Monday, June 10, 2013

When Do We Get Protection From Medical Malpractice Trolls?

Dear President Obama,

It is admirable that you have decided to do something about the proliferation of frivolous patent lawsuits brought on by so called "patent trolls". These suits cost companies billions of dollars to defend each year and stifle technologic innovation. However, if you could be so kind as to extend your generosity, you will find that medical doctors too face similar litigation from trolls. If you replace the word "patent" with "medical malpractice," you will see that these abusers of the courts are just two sides of the same coin.

For instance, one of your proposals is to indemnify users of a disputed patent. Those tricky lawyers have been going after small businesses and individuals who are unknowingly using products where there is a contested patent. The attorneys figure it is easier to get small settlements from multiple individuals than it is to extract a large reward from a well armed Fortune 500 company. The same problems afflict the medical community. Whenever there is a recall of a defective medical device, the lawyers are out in force suing everybody who has ever laid a finger on the product, from the manufacturer to the hospitals to the physicians who innocently implanted the flawed equipment. We did not design the product. We did not make the product. We did not advertise for the product. Yet if there is a problem, we get a subpena delivered to our offices as we are dragged into another malpractice case. And unfortunately all too often the insurance companies will make a settlement rather than go through a protracted lawsuit. The malpractice troll wins again and lives another day to sue more innocent victims. This doesn't seem fair, does it?

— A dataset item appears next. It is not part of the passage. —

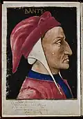 - Dante's Rhymes (Ricc. 1040): Written between 1440 and 1450, the first folio of this codex (f. Iv) features a famous portrait of Dante, showing the facial features that Boccaccio ascribed to him, maybe basing himself on a funerary mask of the poet.

Another one of your ideas to discourage patent trolls is to follow the English rule for collecting attorney fees. In other words, loser pays. That's a plan that physicians have been requesting for years. Most of these trolls, I mean ambulance chasers, I mean medical malpractice attorneys work on a contingency basis. They don't have much to lose by litigating knowing that they only have to pay their own expenses if they fail in court but hope to collect so much more from the defendants if they should prevail. Under the English rule, the winning defendants can demand that the plaintiffs pay all legal costs of both sides, thus putting a little more pressure on trolls to bring justifiable cases to court. If the administration can see the logic of protecting the technology business from frivolous lawsuits by imposing the English rule, doesn't it make sense to do the same for the health care industry which makes up 17% of the country's GDP?

So please President Obama, you haven't shown much love to the doctors who are going to be at the vanguard of the millions of new patients you have shoehorned into the Affordable Care Act. Your legacy with the ACA will live or die by how well we treat all those people in our overcrowded and overbooked offices and hospital beds. However, if you expand your protection of innocent victims to include medical malpractice defendants, I think there is a good chance you will be under the good graces of the medical community again.